## Problem to work on:
Transcribe exactly, please, the line bearing "撰稿/寒冰 欧洲顶级俱乐部如" and all later lines through the end of the records, with the pictures left out.

## Data shown:
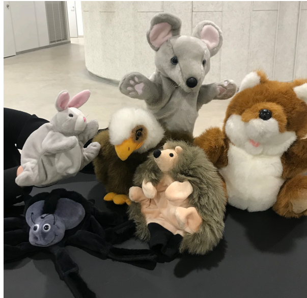
Kuva 8. Yhteiskuva käsinukeista

Käytimme paljon aikaa hahmojen suunnitteluun ja niiden kanssa harjoitteluun. Harjoittelusta huolimatta, vaihdot roolista pois omaksi itsekseen olisi voinut tehdä selkeämmin. Koimme, että välillä omat persoonamme sekoittuivat nukkejen olemukseen. Tämä näkyi esimerkiksi siinä, etteivät lapset muistaneet meidän omia nimiä, vaan puhuttelivat meitä hahmojen nimillä. Muutama lapsi hyvästeli viimeisellä kerralla Hilman, vaikka nukke ei ollut enää näkyvillä. Meillä oli paikoin hankaluuksia pysyä roolissa ja hahmoille suunnitellut ominaispiirteet jäivät muutamaankin otteeseen taka-alalle. Tässä kohtaa tavoitteemme roolissa pysymisestä ei toteutunut. Tämä ilmeni erityisesti tilanteissa, joissa jouduimme keskittymään ryhmänhallintaan ohjauksen eteenpäin viemisen sijaan. Nukkejen käsittely helpottui kuitenkin jokaisella ohjauksella ja niiden kanssa toimiminen alkoi tuntua luontevammalta.
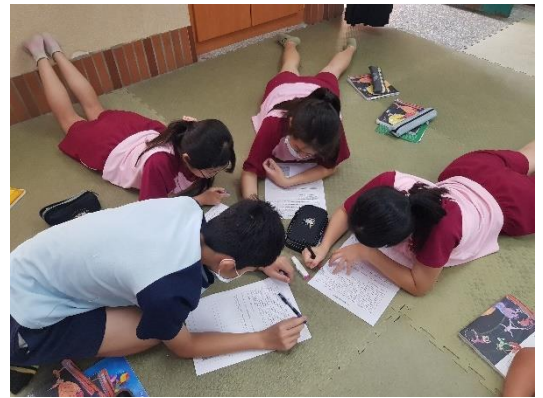
小組討論《木蘭詩》分成起承轉合四段落。
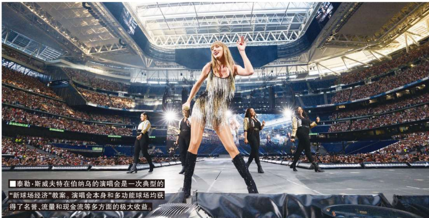
■泰勒·斯威夫特在伯纳乌的演唱会是一次典型的“新球场经济”教案。演唱会本身和多功能球场均获得了名誉、流量和现金流等多方面的极大收益。

撰稿/寒冰 欧洲顶级俱乐部如何赚钱?或者说如何维持运营?三大经济支柱——票房、版权、赞助——即使在流媒体时代仍然未变,但其内在的增长空间却有变化。
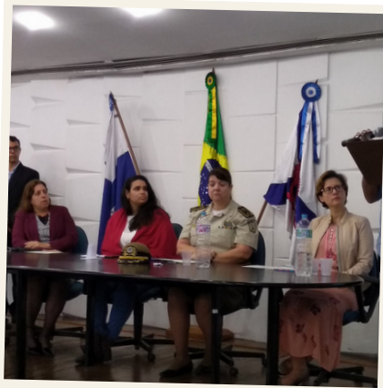
#tbt Circuito de palestras pelo Dia do Servidor promovido pela FIG
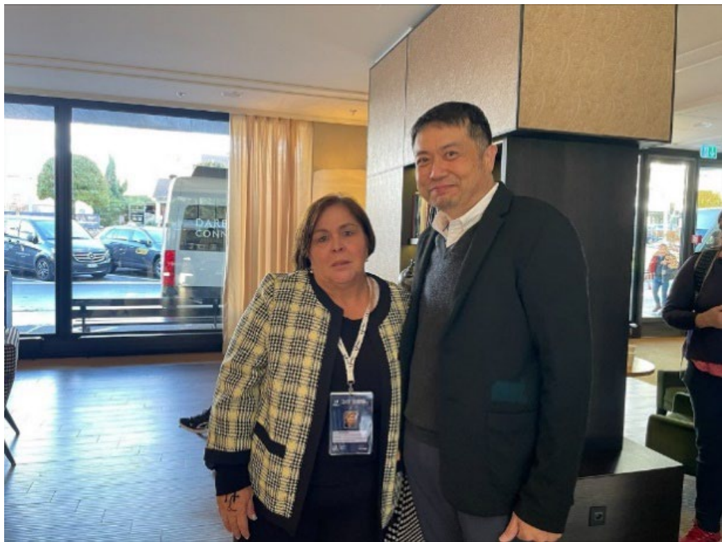
向哥斯大黎加代表拜票

## Answer space:
撰稿/寒冰 欧洲顶级俱乐部如何赚钱?或者说如何维持运营?三大经济支柱——票房、版权、赞助——即使在流媒体时代仍然未变,但其内在的增长空间却有变化。
#tbt Circuito de palestras pelo Dia do Servidor promovido pela FIG
向哥斯大黎加代表拜票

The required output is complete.